How to design abstract classes if methods don't have the exact same signature?

This is a "real life" OO design question. I am working with Scala, and interested in specific Scala solutions, but I'm definitely open to hear generic thoughts.
I am implementing a branch-and-bound combinatorial optimization program. The algorithm itself is pretty easy to implement. For each different problem we just need to implement a class that contains information about what are the allowed neighbor states for the search, how to calculate the cost, and then potentially what is the lower bound, etc...
I also want to be able to experiment with different data structures. For instance, one way to store a logic formula is using a simple list of lists of integers. This represents a set of clauses, each integer a literal. We can have a much better performance though if we do something like a "two-literal watch list", and store some extra information about the formula in general.

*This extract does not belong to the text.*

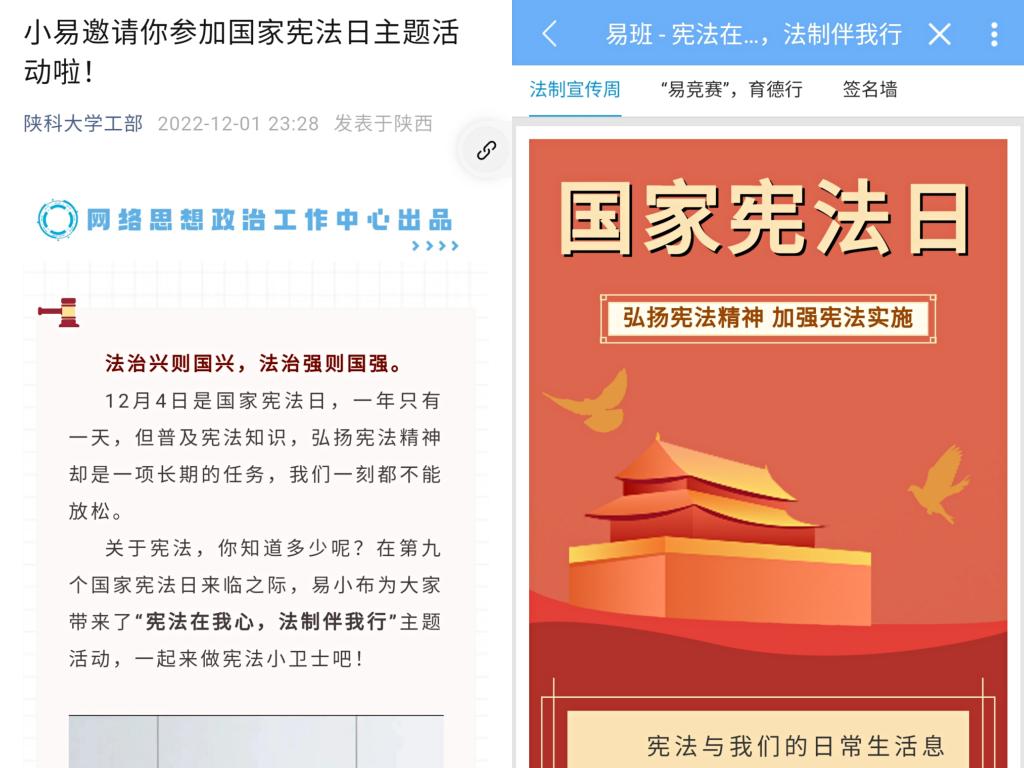 用好網(wǎng)絡(luò)平臺,營造法治文化宣傳氛圍。依托教育部全國青少年普法網(wǎng),開展“憲法衛(wèi)士”在線學(xué)習(xí)活動,8月份以來共動員全校16000余名學(xué)生參與其中,為活動舉辦以來我校參與人數(shù)最多的一年,參與率達(dá)80%以上;依托學(xué)校視頻號、B站等平臺,發(fā)揮學(xué)校大學(xué)生融媒體中心、網(wǎng)絡(luò)文化工作室等學(xué)生組織、團(tuán)隊(duì)的作用,結(jié)合學(xué)校及學(xué)生特點(diǎn)拍攝原創(chuàng)視頻,11月份以來共選拔優(yōu)秀作品進(jìn)行了5期宣傳展示,總播放量達(dá)1W+;校易班發(fā)展中心依托易班網(wǎng)搭建線上學(xué)習(xí)平臺,12月份上線快搭輕應(yīng)用“憲法在我心,法制伴我行”,設(shè)置“‘易’競賽,育德行”“憲法‘易’直在身邊”等模塊,活動參與1300余人次,引導(dǎo)學(xué)生掀起憲法學(xué)習(xí)熱潮。

That all would mean something like this
object BnBSolver[S<:BnBState]{
def solve(states: Seq[S], best_state:Option[S]): Option[S] = if (states.isEmpty) best_state else
val next_state = states.head
/* compare to best state, etc... */
val new_states = new_branches ++ states.tail
solve(new_states, new_best_state)
}
class BnBState[F<:Formula](clauses:F, assigned_variables) {
def cost: Int
def branches: Seq[BnBState] = {
val ll = clauses.pick_variable
List(
BnBState(clauses.assign(ll), ll :: assigned_variables),
BnBState(clauses.assign(-ll), -ll :: assigned_variables)
)
}
}
case class Formula[F<:Formula[F]](clauses:List[List[Int]]) {
def assign(ll: Int) :F =
Formula(clauses.filterNot(_ contains ll)
.map(_.filterNot(_==-ll))))
}
Hopefully this is not too crazy, wrong or confusing. The whole issue here is that this assign method from a formula would usually take just the current literal that is going to be assigned. In the case of two-literal watch lists, though, you are doing some lazy thing that requires you to know later what literals have been previously assigned.

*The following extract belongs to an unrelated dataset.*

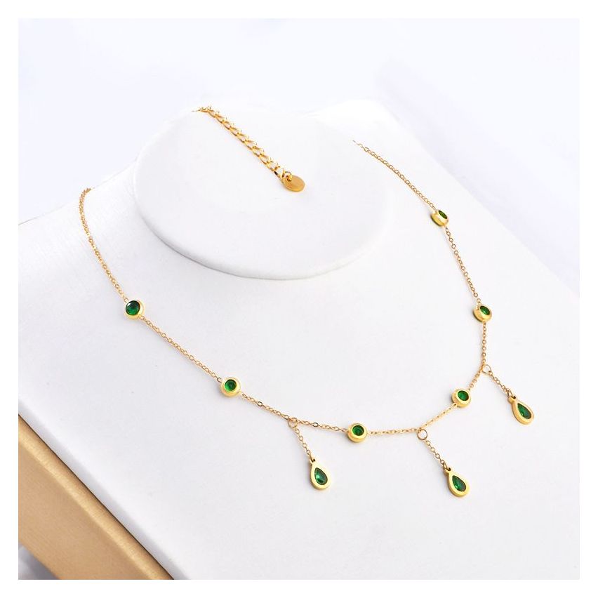 S.Steel Gold Plating Green Zircon Women-c 3.57g

One way to fix this is you just keep this list of previously assigned literals in the data structure, maybe as a private thing. Make it a self-standing lazy data structure. But this list of the previous assignments is actually something that may be naturally available by whoever is using the Formula class. So it makes sense to allow whoever is using it to just provide the list every time you assign, if necessary.
The problem here is that we cannot now have an abstract Formula class that just declares a assign(ll:Int):Formula. In the normal case this is OK, but if this is a two-literal watch list Formula, it is actually an assign(literal: Int, previous_assignments: Seq[Int]).
From the point of view of the classes using it, it is kind of OK. But then how do we write generic code that can take all these different versions of Formula? Because of the drastic signature change, it cannot simply be an abstract method. We could maybe force the user to always provide the full assigned variables, but then this is a kind of a lie too. What to do?
The idea is the watch list class just becomes a kind of regular assign(Int) class if I write down some kind of adapter method that knows where to take the previous assignments from... I am thinking maybe with implicit we can cook something up.
I'll try to make my answer a bit general, since I'm not convinced I'm completely following what you are trying to do. Anyway...
Generally, the first thought should be to accept a common super-class as a parameter. Obviously that won't work with Int and Seq[Int].
You could just have two methods; have one call the other. For instance just wrap an Int into a Seq[Int] with one element and pass that to the other method.
You can also wrap the parameter in some custom class, e.g.
class Assignment {
...
}
def int2Assignment(n: Int): Assignment = ...
def seq2Assignment(s: Seq[Int]): Assignment = ...
case class Formula[F<:Formula[F]](clauses:List[List[Int]]) {
def assign(ll: Assignment) :F = ...
}
And of course you would have the option to make those conversion methods implicit so that callers just have to import them, not call them explicitly.
Lastly, you could do this with a typeclass:
trait Assigner[A] {
...
}
implicit val intAssigner = new Assigner[Int] {
...
}
implicit val seqAssigner = new Assigner[Seq[Int]] {
...
}
case class Formula[F<:Formula[F]](clauses:List[List[Int]]) {
def assign[A : Assigner](ll: A) :F = ...
}
You could also make that type parameter at the class level:
case class Formula[A:Assigner,F<:Formula[A,F]](clauses:List[List[Int]]) {
def assign(ll: A) :F = ...
}
Which one of these paths is best is up to preference and how it might fit in with the rest of the code.

How to efficiently select a random element from a Scala immutable HashSet

I have a scala.collection.immutable.HashSet that I want to randomly select an element from.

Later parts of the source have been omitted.